LIMITATIONS AND PROPOSALS FOR FURTHER RESEARCH
The authors are aware of certain limitations in the present study. However, these
limitations do point to interesting future lines of research.
New Emerging Concepts: Sacrifices and Service Convenience
An interesting stream of research concerns those sacrifices that customers face in
order to be served, especially in a typically convenient service [Berry et al., 2002].
Further research is needed in the pricing of services, and how price relates to other
drivers of customer value. Also, service convenience (customer’s effort and time to
get the service) is a demanding issue given the modern lifestyles of many customers.

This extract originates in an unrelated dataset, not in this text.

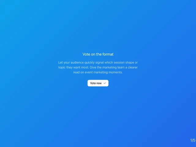 A poll for the marketing team to run events around event marketing workflows. Use a quick poll to choose topics, formats, and priorities before an event goes live.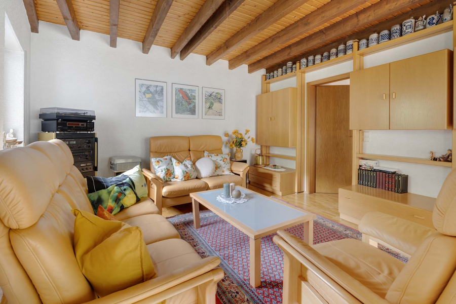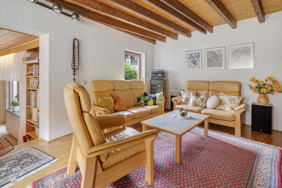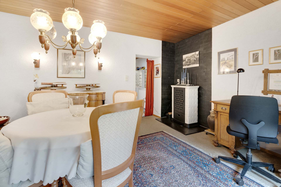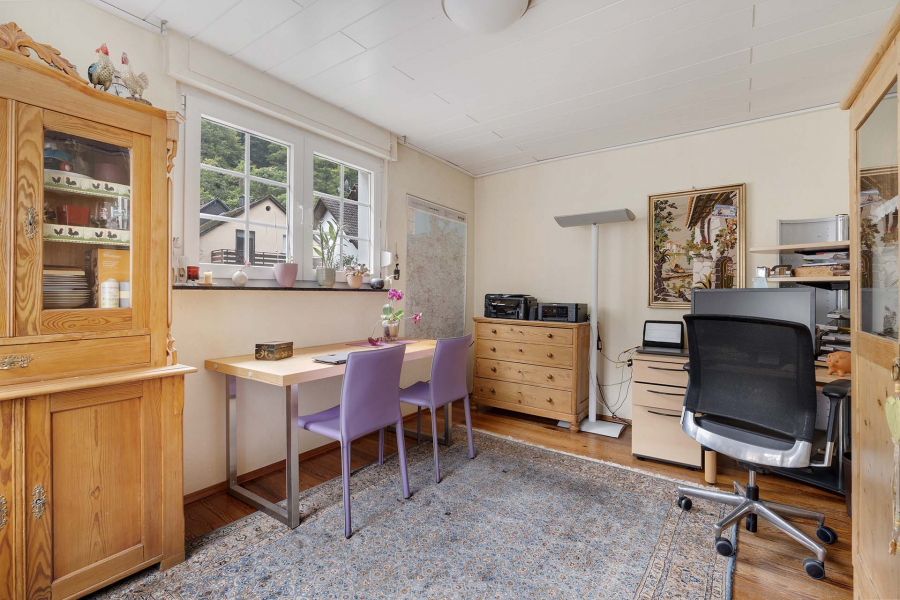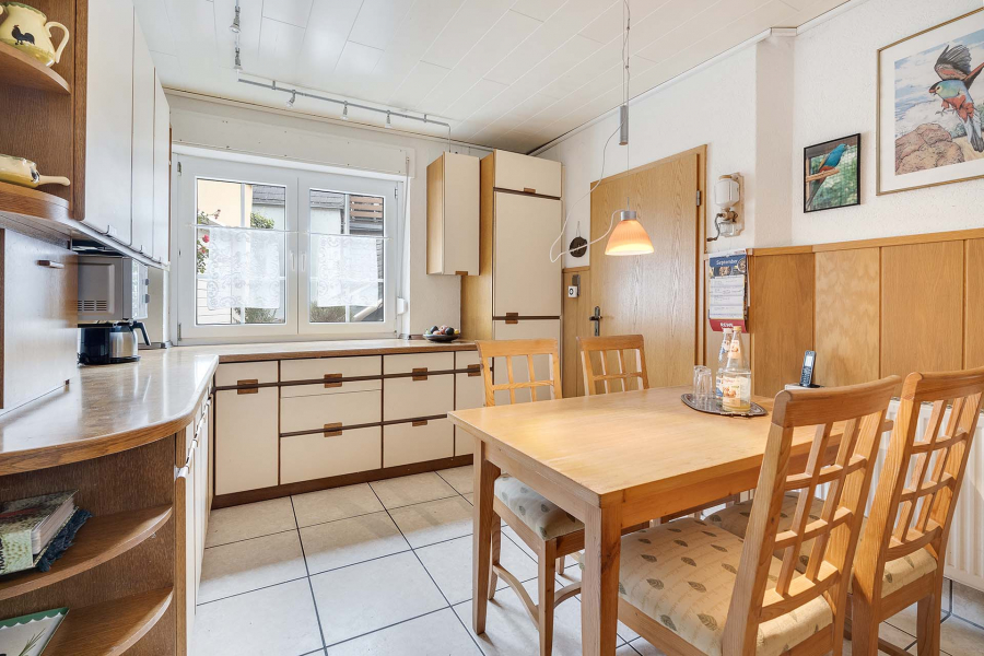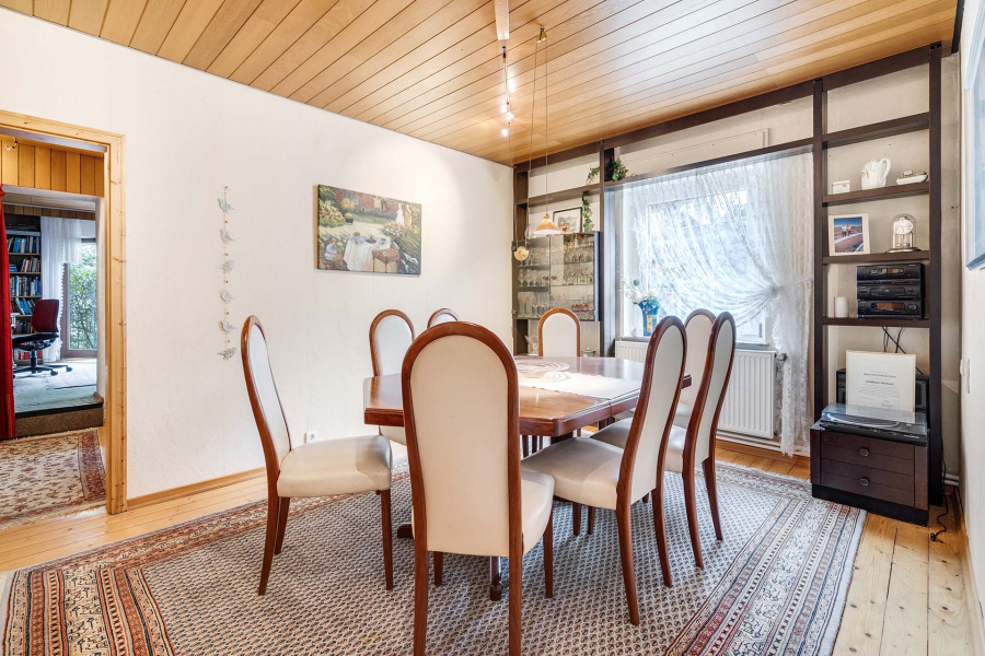 Betritt man die großzügige Küche, möchte man sofort am Esstisch Platz nehmen und verweilen. Zwei weitere Räume im Erdgeschoss warten auf ihre Bestimmung: Büro? Schlafzimmer? Oder vielleicht eine kleine Einliegerwohnung? - Sie entscheiden!

The authors expect that perceived sacrifices are extremely important for convenience
services in general, and are clearly becoming increasingly significant in every
context. Many customers are concerned with avoiding as many difficulties as possible
in their busy schedules. They might therefore consider only those companies who are
easy to do business with. Therefore, convenience represents a critical success factor
when serving such customers. Berry et al. [2002] addressed the increasing relevance
of this topic by stating several propositions regarding convenience dimensions, and
their relationship with individual differences such as experience and situational
involvement. These could not be assessed directly in the present study because a
measurement tool for service convenience is still needed.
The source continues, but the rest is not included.